--- Records Enclosed Below ---

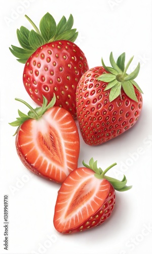strawberry, ripe, juicy, white, set, isolate, strawberry, isolated, halved, background, whole, fruit, food, berry, dessert, freshness, diet, leaf, macro, cut, half, red, fresh, sweet, healthy, green, organic, delicious, fruit, closeup
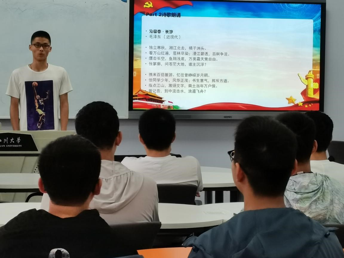 主题团日活动共分为五个部分。第一部分是歌唱团歌,全体同学伴着声声音乐自豪地唱完了团歌。第二部分是团员侯小楠带来的有关先辈崇高精神的诗歌朗诵,朗诵的气势磅礴,激起了同学们的豪情壮志。第三部分是团员洪豪带来的有关英雄王右木的英勇事迹诵读,使同学们进一步感受到了先辈的崇高精神,同时也被先辈的爱国、英勇、负责深深撼动。同学们一起纪念英雄,铭记的是他们的事迹,传承的是他们的精神。第四部分是理论学习,同学们在团支书李任丽的讲解下,一起认真学习了习近平总书记七一重要讲话精神的六大亮点,并且积极参与后续的知识竞争答题,大家表现良好,发挥稳定,团结协作,让活动进入了高潮。第五部分,团支书李任丽根据每个小组的答题分数选出获胜的小组并进行了颁奖仪式,活动到此结束。
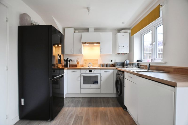 The kitchen/diner is an attractive and functional space, fitted with contemporary white cabinetry, solid oak worktops, and integrated appliances including an electric oven, hob, and extractor fan. There is provision for a full-height fridge freezer, washing machine, and dishwasher, ensuring excellent practicality. French doors open onto the rear terrace, creating a seamless connection between the interior accommodation and the garden, and offering an ideal layout for entertaining.
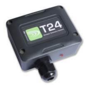 T24 Wireless Transmitter modules connect directly to a Strainsert sensor. They provide strain excitation, signal measurement, ADC conversion, and transmission of reading data to a T24 Wireless Receiver.
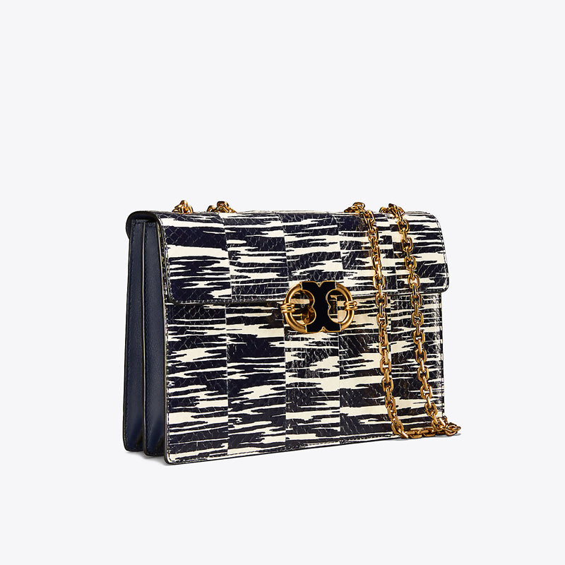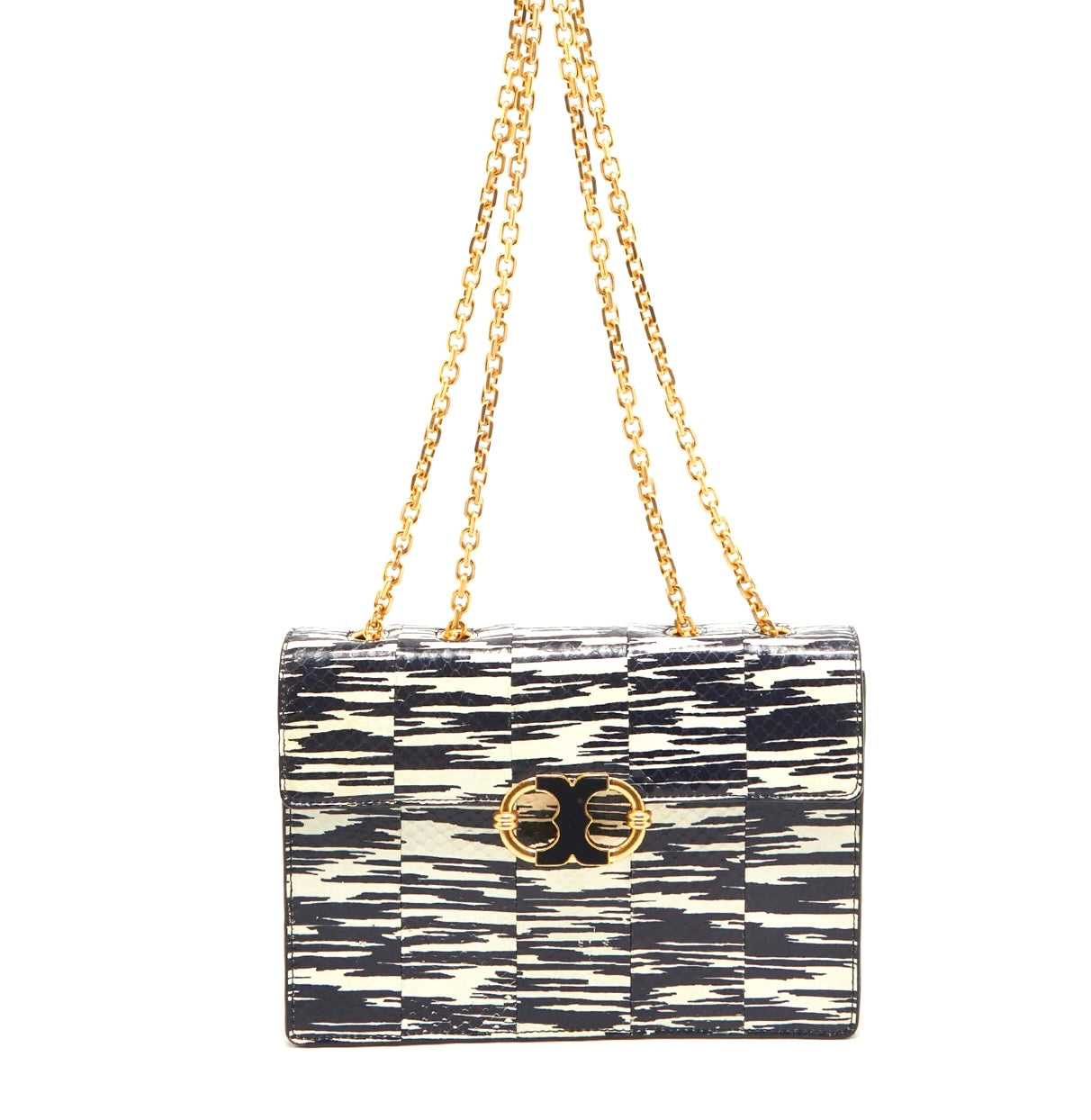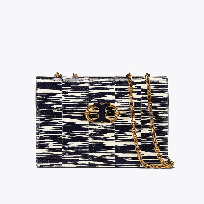 Chic, structured, and striking — the Tory Burch Gemini Link Snake Bag blends signature design with bold texture. Crafted in snake-embossed leather, this sophisticated shoulder bag features the brand’s iconic double-link hardware, symbolizing duality and strength, while adding a touch of graphic edge.
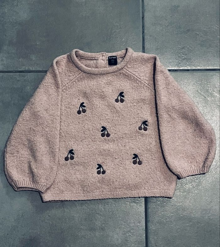 Pull en maille mousseuse avec broderies cerises Kiabi 18 mois
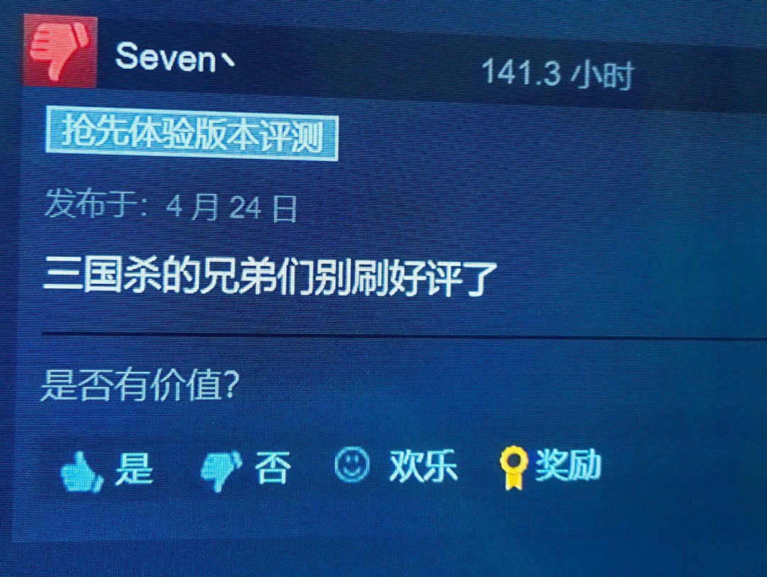 《鬼谷》玩家为了把《鬼谷八荒》刷到差评榜第一,正在有组织地为《三国杀》打好评。
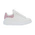 White smooth calf leather lace-up sneaker trimmed with an antique pink croc-embossed heel counter. The sneaker features large flat laces and an oversized rubber sole. Finished with an Alexander McQueen signature on the tongue and heel counter. Oversized rubber sole with signature stamp design. The sneaker comes with an additional set of shoelaces.
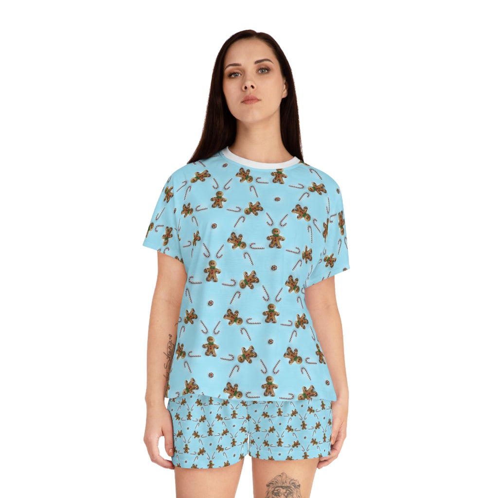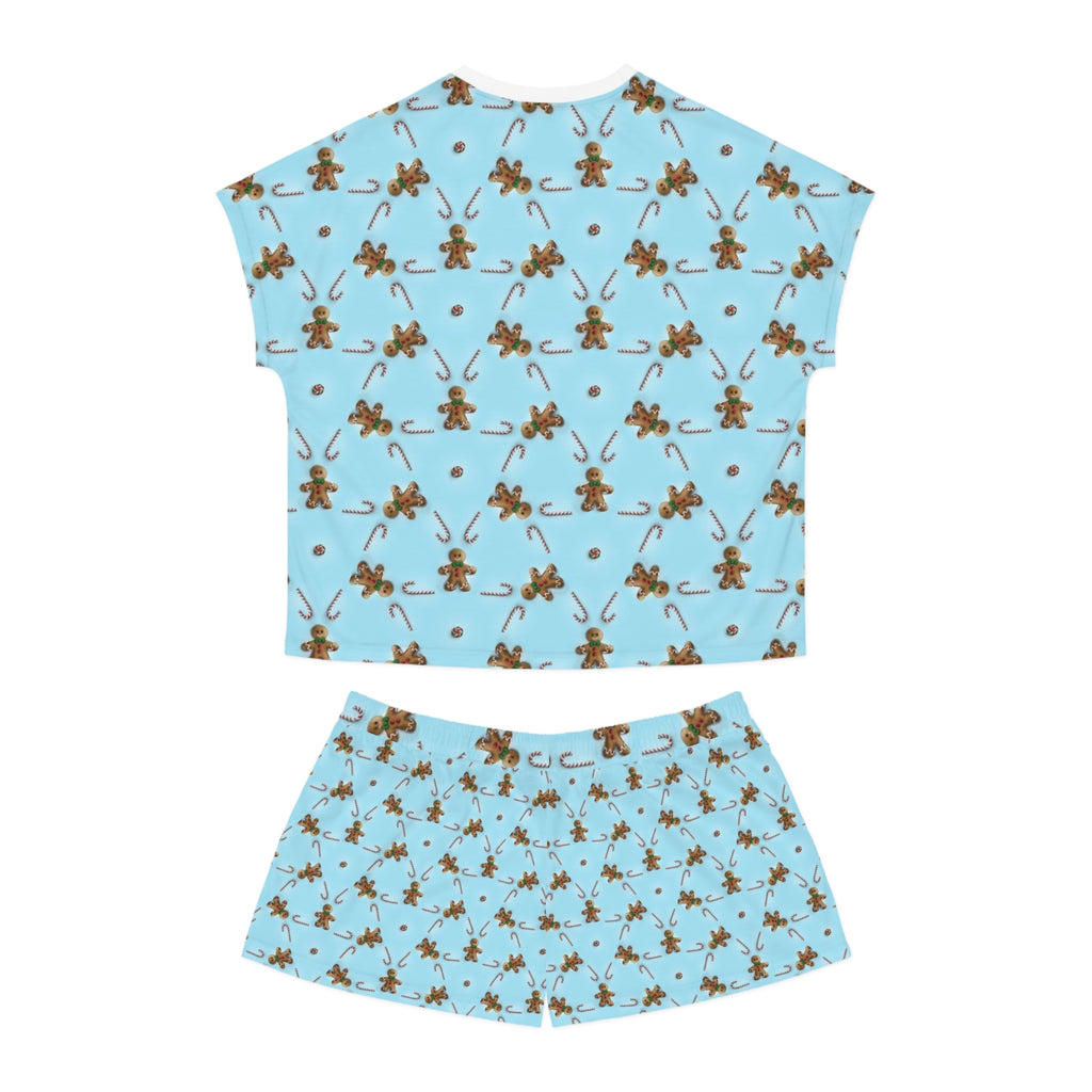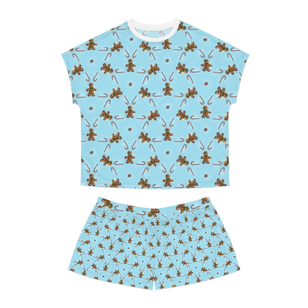 Slip into cozy whimsy with this relaxed-fit pajama set that feels like a gentle winter evening at home. Perfect for curling up with a cup of coffee or drifting off after a long day, this set features a hand drawn playful pattern of tiny gingerbread figures and candy canes on a cool sky-blue background. The ribbed collar and elastic waistband provide comfort for sleep and lounging, making it ideal for slow mornings and cozy nights. Relevant for the holiday season and anyone who enjoys festive warmth and nostalgic charm. Product features - 100% polyester and 100% cotton collar for durability - Ribbed collar for clean garment lines - Elastic and soft waistband for a comfortable fit - No sleeve seams for an oversized look - Material: 95% polyester, 5% spandex Care instructions - Do not dryclean - Iron, steam or dry: low heat - Do not tumble dry - Do not bleach - Machine wash: cold (max 30C or 90F) Hand drawn design by The Smudge Factory®.

--- End of Enclosed Records ---

* **Your instructions**
Nothing but the lines from the one with "Pull en maille" up to and including the one with "White smooth calf" should be printed, exactly as they read above. Please keep the pictures out.

* **Task answer**
 Pull en maille mousseuse avec broderies cerises Kiabi 18 mois
 《鬼谷》玩家为了把《鬼谷八荒》刷到差评榜第一,正在有组织地为《三国杀》打好评。
 White smooth calf leather lace-up sneaker trimmed with an antique pink croc-embossed heel counter. The sneaker features large flat laces and an oversized rubber sole. Finished with an Alexander McQueen signature on the tongue and heel counter. Oversized rubber sole with signature stamp design. The sneaker comes with an additional set of shoelaces.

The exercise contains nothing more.